Can you help me understand Luke 14:26?

Last Sunday’s readings said this, and I am confused, please help me thanks.

Jesus stated in Luke 14:26:
“If anyone comes to me without hating his father and mother,wife and children, brothers and sisters,and even his own life,he cannot be my disciple.

Yes, that teaching from Jesus certainly catches one’s attention, doesn’t it? How could Jesus be telling us to hate anyone, especially our own family members? After all, elsewhere Jesus tells us that we are not supposed to even hate our enemies. According to the Ignatius Study Bible’s elaboration on this verse:

14:26 hate: An idiomatic term meaning “to love less” (Gen 29:31-33; Mal 1:2-3). Not even the sacredness of family loyalty should outweigh our commitment to Christ, since we must be willing to abandon even close relationships to follow him (Mt 10:37) (CCC 1618, 2544).

  • Scott Hahn, Curtis Mitch, Ignatius Catholic Study Bible: New Testament (Ignatius Press: San Francisco, 2010), 136.

With this in mind, we should examine this gospel passage along the lines of favoring someone less than another. Note that the Catholic Spanish Lectionary presents Luke 14:26 as (and I will use bold text for emphasis), “Si alguno quiere seguirme y no me prefiere a su padre y a su madre …no puede ser mi discípulo” which, in English, is, “If someone wants to follow me and does not prefer me to his father and to his mother …he cannot be my disciple.” Here the translators decided to express what was probably meant (“does not prefer”) rather than what was literally said (“hate”). Such are the sorts of challenges that beset scholars when trying to translate the Bible into different languages.
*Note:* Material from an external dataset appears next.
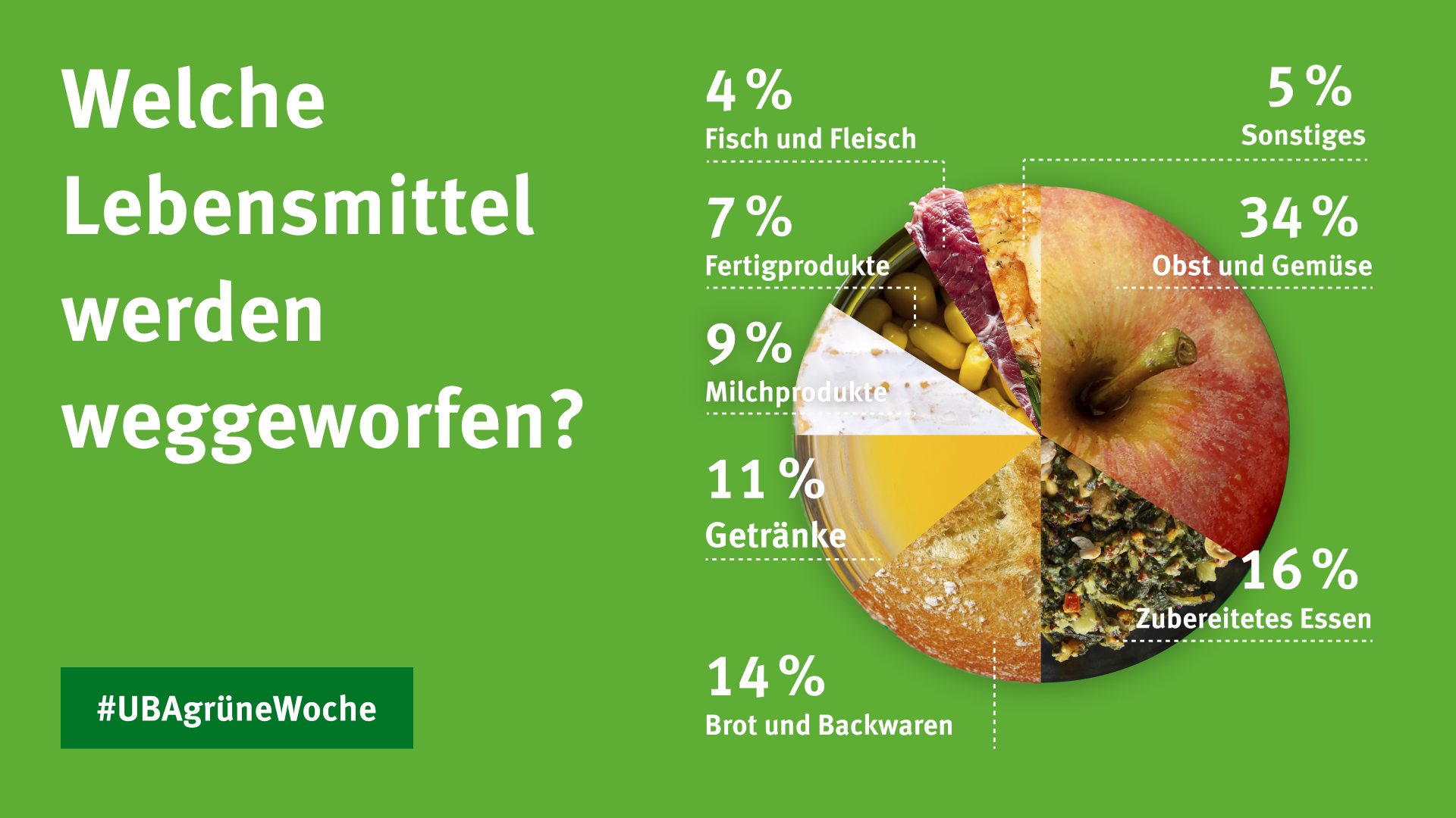 Eine grafische Übersicht von Lebensmittelabfällen in Prozentangaben #UBAgrüneWoche: Lebensmittelabfälle
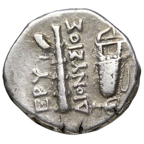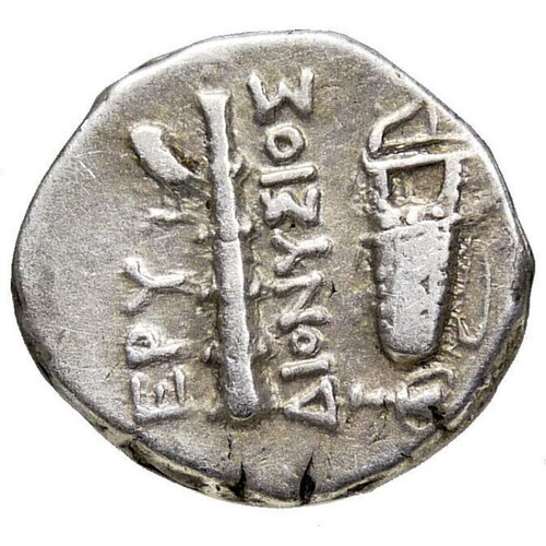 Reverse: EPY / ?IONY?IO? (Dionysios in Greek) Club and bowcase; to left, owl standing left, head facing; kantharos (footed drinking cup with high handnles) to lower right.

Nevertheless, we still want to be careful not to water down Jesus’ words, because he was still making a very strong statement. In the ancient world, there was a sacredness attached to family loyalty, and one’s family was among the most important things in one’s life. But Jesus tells us that our relationship with him has to be our top priority, even over our families, even over our own lives. As Vatican II explains, we are to “strive to please God rather than men, always ready to abandon everything for Christ” (Apostolicam Actuositatem, 4).